Unique Days Time Location Instructor
36345 TTh
2:00 PM-3:30 PM
WEL 1.308
Carey

Course Description

This is a general survey of American history from early European expansion through the end of the civil war. Because the class covers almost 400 years of history in North America, we have to focus our attention on certain subjects, and of course leave other things out. The course is broken up into three major events: imperial Europe and colonial America, the first industrial revolution, and the crisis over slavery. Although these events may be familiar to most of you, I hope that our perspective on them will be new (those who aren’t familiar with the basic political narrative from American high schools are encouraged to come see me during office hours to discuss other places to get information). We will compare these events by investigating similar themes in each. We will look at American history from the ground up, focusing on how every-day American’s lived, worked, and made their own history. We will also investigate how larger structures—the development of capitalism and the growth of the federal government—impacted American history. Partially fulfills legislative requirement for American History.

Grading Policy

Class Discussion Participation 20% In-Class Exam 25% Paper 30% Take-Home Exam 25%

Texts

William Cronon, CHANGES IN THE LAND: INDIANS, COLONISTS, AND THE ECOLOGY OF NEW ENGLAND. (1983). Frederick Douglass, NARRATIVE OF FREDERICK DOUGLASS, AN AMERICAN SLAVE. (1845; reprint 1993) Eric Foner, FREE SOIL, FREE LABOR, FREE MEN : THE IDEOLOGY OF THE REPUBLICAN PARTY BEFORE THE CIVIL WAR. (1970; reprint 1995) William Harris, PLAIN FOLK AND GENTRY IN A SLAVE SOCIETY: WHITE LIBERTY AND BLACK SLAVERY IN AUGUSTA’S HINTERLANDS. (1985) Pauline Maier, FROM RESISTANCE TO REVOLUTION: COLONIAL RADICALS AND THE DEVELOPMENT OF AMERICAN OPPOSITION TO BRITAIN, 1765-1776. (1974).
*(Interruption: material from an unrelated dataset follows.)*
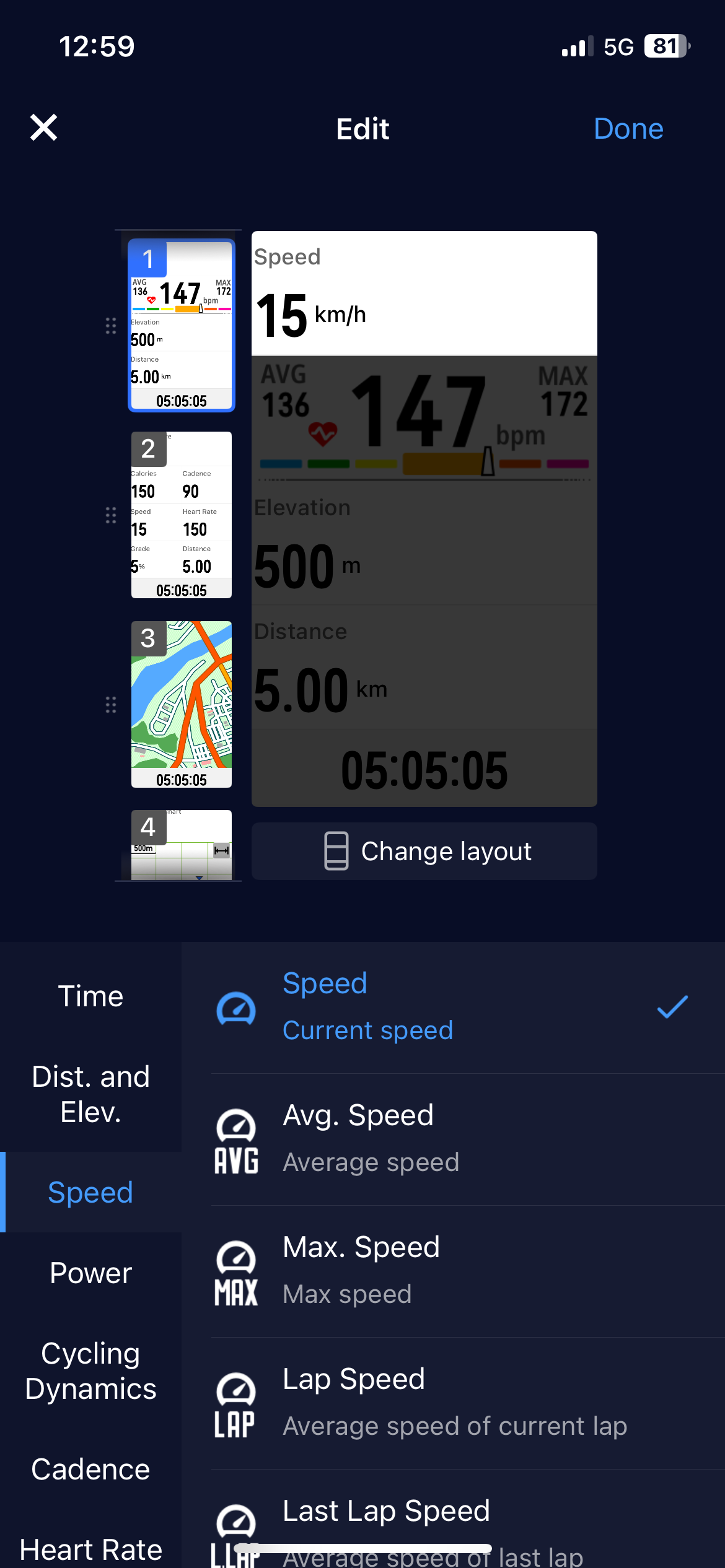 All of that can be displayed – or not – on the screen in front of you. Using the phone app, you can pick and choose what the screen will display according to what you need. Plus, you can have different screen arrangements for different types of riding. Choose from road, indoor, gravel, mountain bike, e-bike, and e-mountain bike, and pick whether you want a nice big display of your heart rate, the map, your cadence… whatever. This is absolutely zero faff to set up, and the phone app generally is nice and easy to navigate.

James Ronda, THOMAS JEFFERSON AND THE CHANGING WEST FROM CONQUEST TO CONSERVATION. (1997). Carol Sherif. THE ARTIFICIAL RIVER: THE ERIE CANAL AND THE PARADOX OF PROGRESS, 1817-1862. (1996). Sean Wilentz, THE KINGDOM OF MATHIAS: A STORY OF SEX AND SALVATION IN 19TH CENTURY AMERICA. (1994). Course Packet.